The following are the primary presumptions of the regression analysis F-test of overall significance. The first is linearity, which implies that the independent and dependent variables in a linear regression must have a linear relationship. Secondly, it is the normality, every variable in a linear regression analysis needs to be a multivariate normal variable. The third is multicollinearity, which assumes that there is little or no multicollinearity in the data used in linear regression. The fourth is homoskedasticity, which indicates that if the data are homoscedastic. This means that the residuals on the regression line are equal, and a scatter plot is a useful tool for determining this.

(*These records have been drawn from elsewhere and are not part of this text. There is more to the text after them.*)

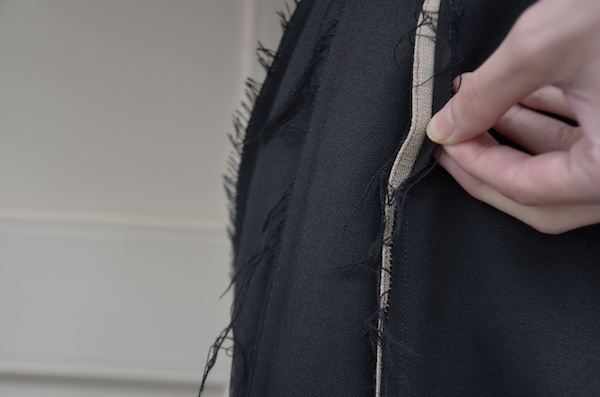 段差のように左側を高くしたウエストラインはキャバスで補強することでデザインが維持されています。
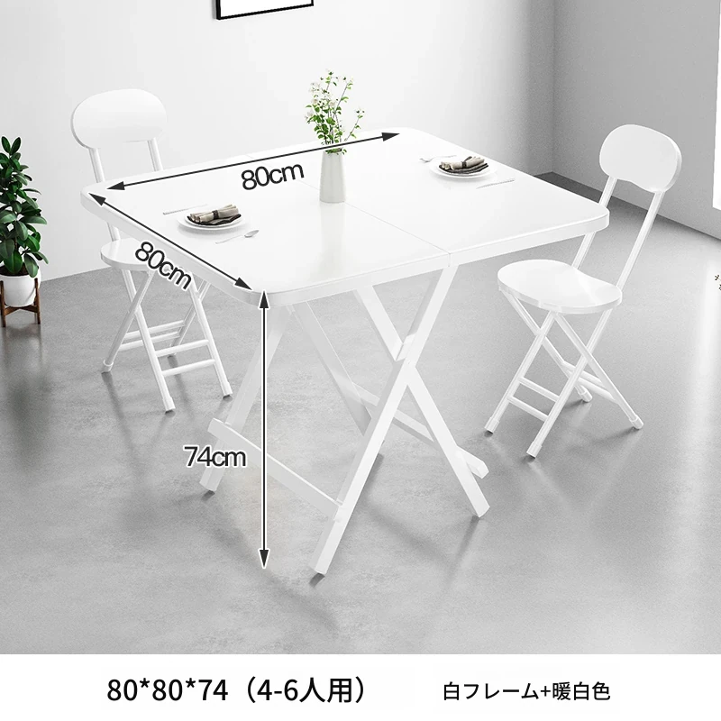 【白脚+ウォームホワイト】80*80*74cm平方テーブル(4-6人用)
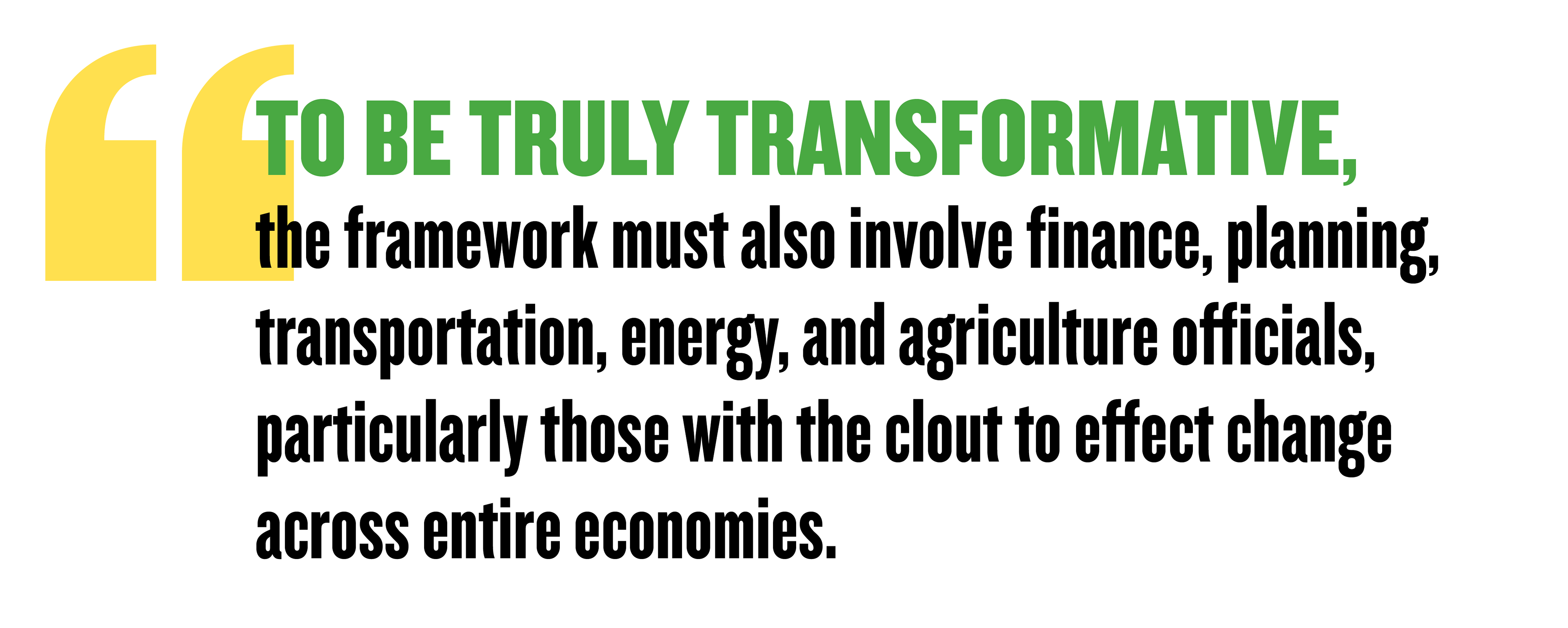 Responsibility for protecting the natural world has traditionally fallen to environment ministries, park managers, and conservationists, all of whom will be at the negotiating table next year. But to be truly transformational, the post-2020 Global Biodiversity Framework must also involve finance, planning, transportation, energy, and agriculture officials, particularly those with the clout to effect change across entire economies.

Regression mean square, or regression explained by the regression model, divided by residual mean square, or unexplained variance, is represented by the F statistic. As each predictor variable’s significance was determined using the t-test only assesses the individual significance of each predictor variable. The F-test for overall significance determines if all predictor variables are jointly significant. Consequently, each predictor variable’s combined significance is evaluated by the F-test. According to the F-test, every predictor factor taken is jointly significant, even though it is possible that none of the predictor variables are significant [9]. Formulas for testing the overall significance of regression models and testing subsets of coefficients
\( F=\frac{SSE×{df_{SSE}}}{SSR×{df_{SSR}}}=\frac{(n-k-1)×{R^{2}}}{k(1-{R^{2}})}.\ \ \ (5) \)
Here, SSE denotes the regression model’s explained sum of squares, and SSR stands for the residual sum of squares. The notations \( {df_{SSE}} \) and \( {df_{SSR}} \) represent the number of degrees of freedom with respect to the independent variable and the regression model, respectively. In addition,
\( F=\frac{({SSR_{m}}-SSR)÷M}{SSR÷(n-k-1)}=\frac{({R^{2}}-R_{M}^{2})÷M}{(1-{R^{2}})÷(n-k-1)}.\ \ \ (6) \)
Here, M denotes the number of restricted variables, \( n-k-1 \) is the number of degrees of freedom with respect to the unconstrained model. And \( {SSR_{m}} \) and SSR represent the residual sum of squares from the constrained and unconstrained equations, respectively.
Table 2. The coefficients, standard error, and confidence interval of the restaurant revenue model.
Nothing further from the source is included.